Alkylresorcinols are reported to be present in a wide range of plants as resorcinol-lipids that are natural, non-isoterpenoid phenolic, amphiphilic compounds. The plants known as a source of alkylresorcinols include not only gramineous plants (the family Poaceae) include those belonging to the families Anacardiaceae, Ginkgoaceae, Proteaceae, Myrsinaceae, Primulaceae, Myristicaceae, Iridaceae, Araceae, the genus Artemisia of the family Compositae, and Fabaceae. The inventors selected, as a source of an alkylresorcinol, gramineous plants among them because gramineous plants have been intensively studied as an edible active ingredient.
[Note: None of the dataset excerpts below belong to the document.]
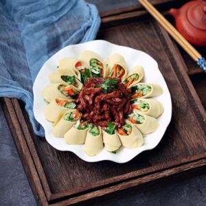 将肉丝放入盘中间,吃的时候取一个豆腐皮夹上一筷子肉丝一起入口。豆腐皮和葱、蔬菜的清香正好中和了肉的油腻。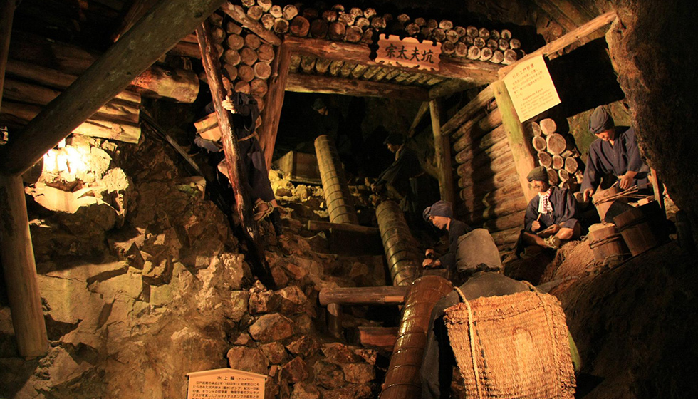 佐渡金山は江戸時代から昭和に至るまで日本最大級の金銀山として栄え、その坑道の総延長は約400kmにも及びます。その一部約300mが現在は観光用に整備されており、江戸時代と明治以降の採掘現場を再現したコースを見学できます。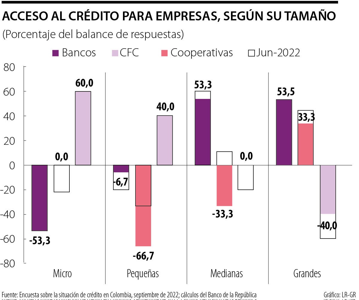 Según los resultados de la Encuesta trimestral sobre la situación del crédito en Colombia, realizada por el Banco de la República, con corte a septiembre de 2022, las empresas grandes mostraron un buen acceso al crédito en bancos y CFC, y un acceso reducido en las cooperativas.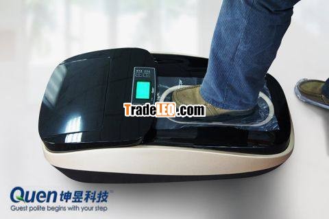 This automatic shoe cover machine uses the principle that the thermo shrinkable film will shrink at proper temperature. It is different from other shoe cover machines. This shoe cover machine only takes seconds to let the PVC film become shoe cover and cover your shoes. http://www.quen-tech.com/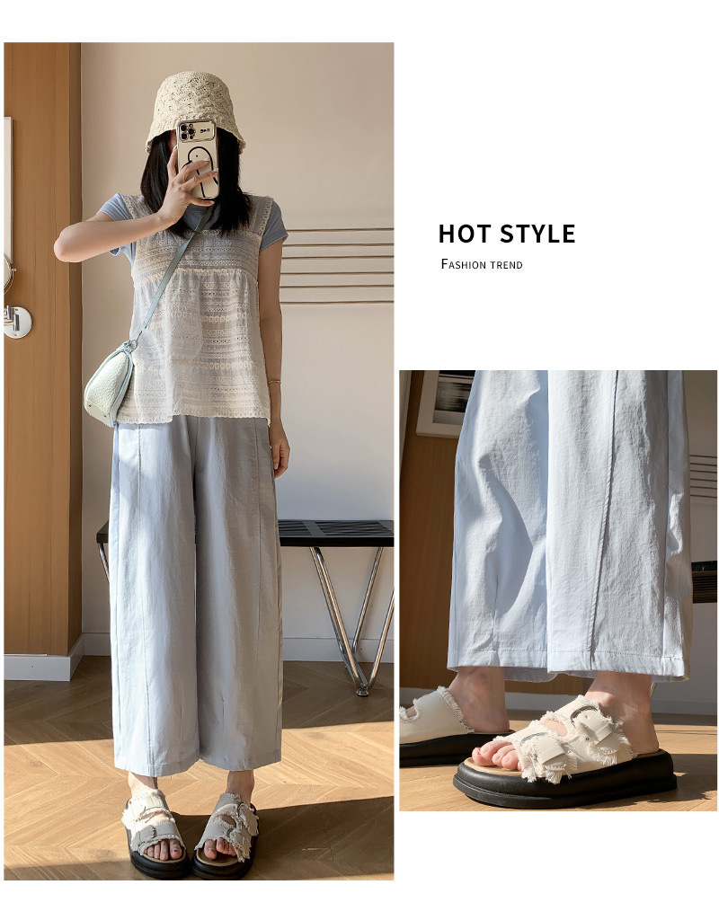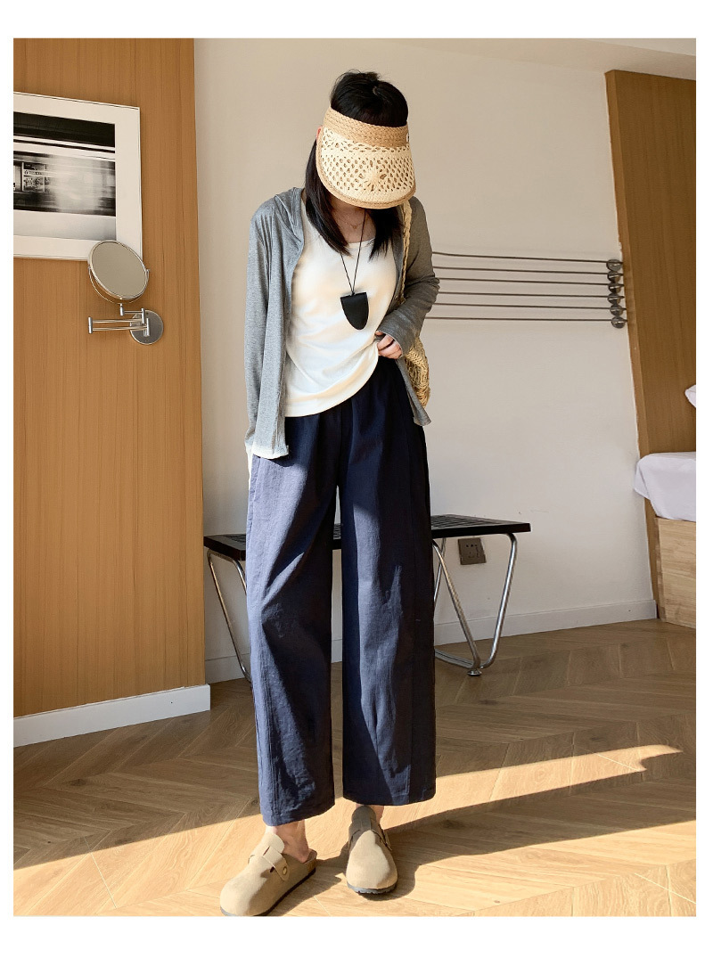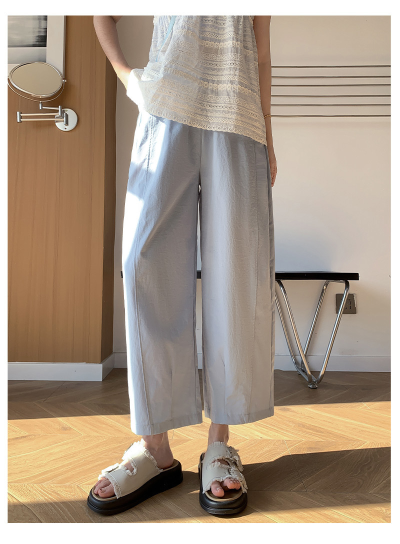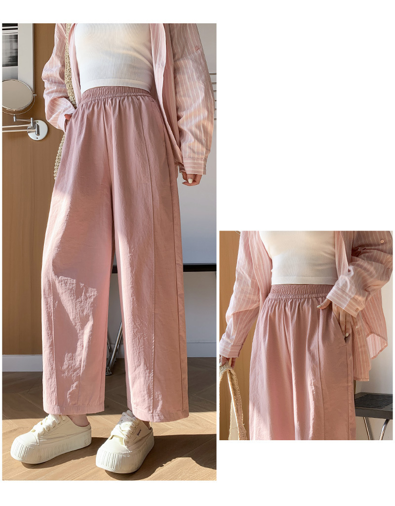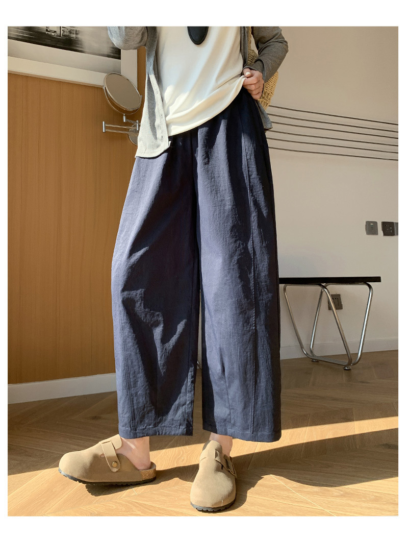 氷の糸のしわの広腿のズボンの女性の夏の薄い金の韓国版の高い腰のカジュアルなまっすぐな筒の怠惰な綿の麻のしわの山本の禅の意のズボン

Examples of the gramineous plants for use as a source of alkylresorcinols include, but are not limited to, cereals, such as wheat, durum wheat, rye, triticale, barley, oats, Job's tears (adlay), corn, rice, Japanese millet, foxtail millet, and common millet These plants may be used either individually or in combination of two or more thereof. Preferred of the cereals are those belonging to the genus Triticum, such as wheat and durum wheat, in view of their high activity. Wheat is more preferred. The seeds of the gramineous plant may be of any form. For example, the seeds may be used as such (preferably outer covering such as bran); cut, ground, or powderized; dried; or dried and ground or powderized. Suitable forms of seeds containing outer covering include wheat bran, wheat red dog (the lowest grade of wheat flour), chaff, and rice bran. Seeds with an outer covering are also useful.
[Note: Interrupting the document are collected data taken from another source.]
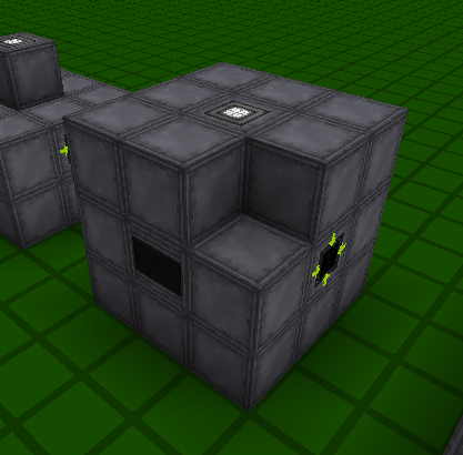 将访问接口,能量接口和控制器放在四个缺口,在燃料棒的顶端放置控制棒。最后将其与空位用反应堆外壳填充。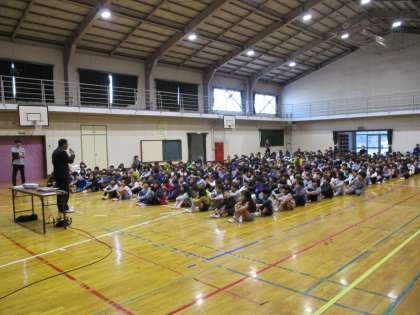 警察の方が不審者役に扮して、実際に校内に不審者が侵入したという想定で訓練を行いました。その後、体育館に集まり、学校の外で遊んでいるときや、登下校時に不審な人に会った場合にどうしたらよいかについて、お話を聞いたりビデオを見たりしました。
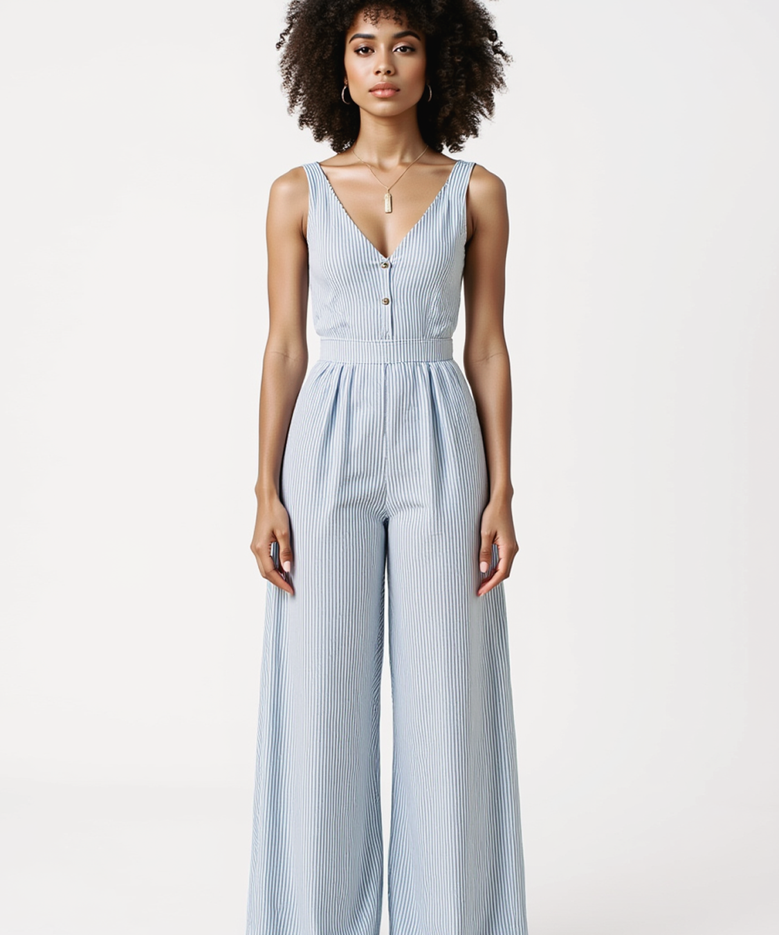 Striped jumpsuit in light blue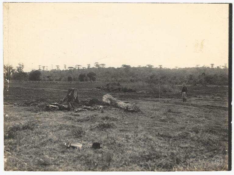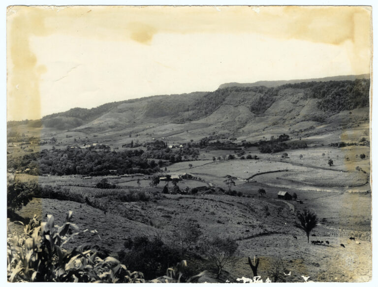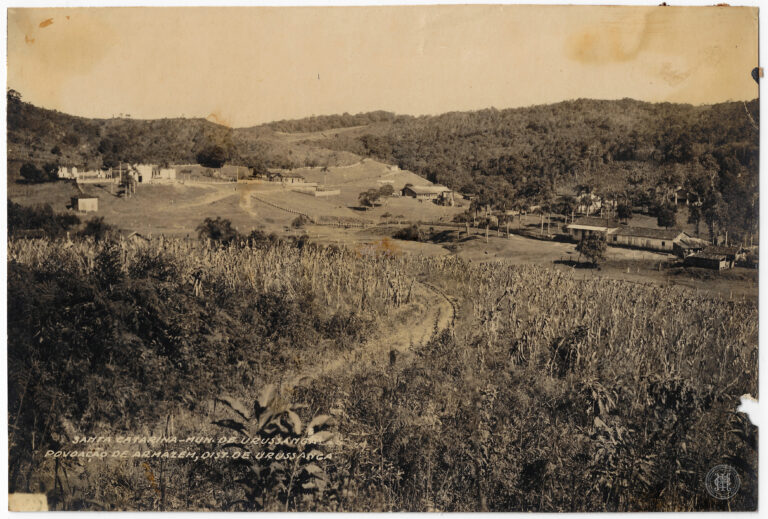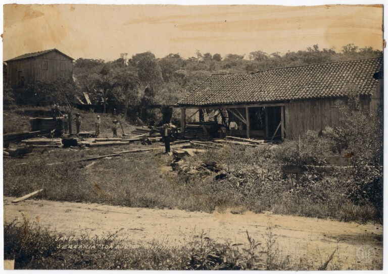 Fase de construção do matadouro da Vila de Cocal, no município de Urussanga, Santa Catarina. A imagem destaca, em plano médio, uma extensa edificação de alvenaria de tijolos...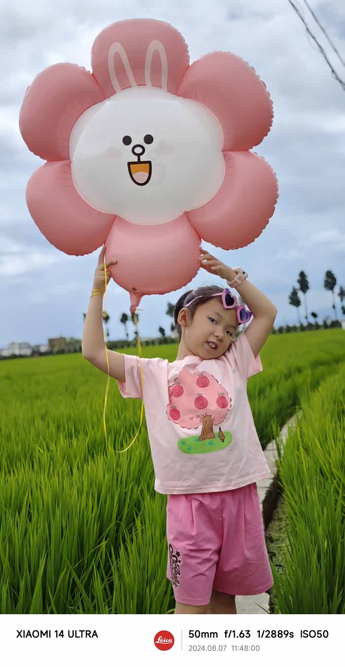 女儿不知道哪里去借了个气球,还真搭配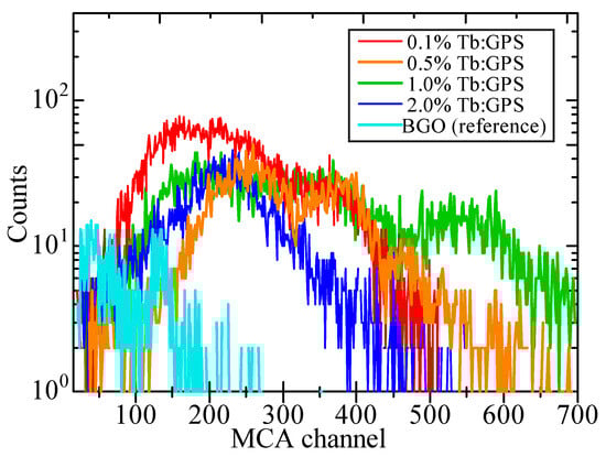 Pulse height spectra of 662 keV (137Cs) γ-rays measured with Tb:GPS specimens and a BGO reference.

The manner for extracting gramineous plant seeds with an alcohol is not particularly limited, including a method in which gramineous plant seeds of various forms described above are immersed, stirred, or refluxed in an alcohol and a supercritical fluid extraction method. In the case of the former method, the extraction temperature is preferably 2° to 100° C.; the extraction time is preferably 30 minutes to 72 hours; and the alcohol is preferably used in an amount of 50 to 2000 parts by mass per 100 parts by mass of the gramineous plant seeds.

Examples of alcohols used for extraction include those that are liquid at room temperature (25° C.), such as lower monohydric alcohols preferably with up to 4 carbon atoms, e.g., methanol, ethanol, n-propanol, isopropyl alcohol, and n-butanol, and polyhydric alcohols, e.g., 1,3-butlene glycol, propylene glycol, and glycerol. Ethanol is preferred in terms of convenience of use and environmental friendliness. Aqueous alcohol containing an aqueous component (e.g., water, pure water, distilled water, tap water, acidic water, alkaline water, or neutral water) may also be used for extraction. The alcohol content of the aqueous alcohol is usually 70 vol % or more, preferably 80 vol % or more, more preferably 90 vol % or more.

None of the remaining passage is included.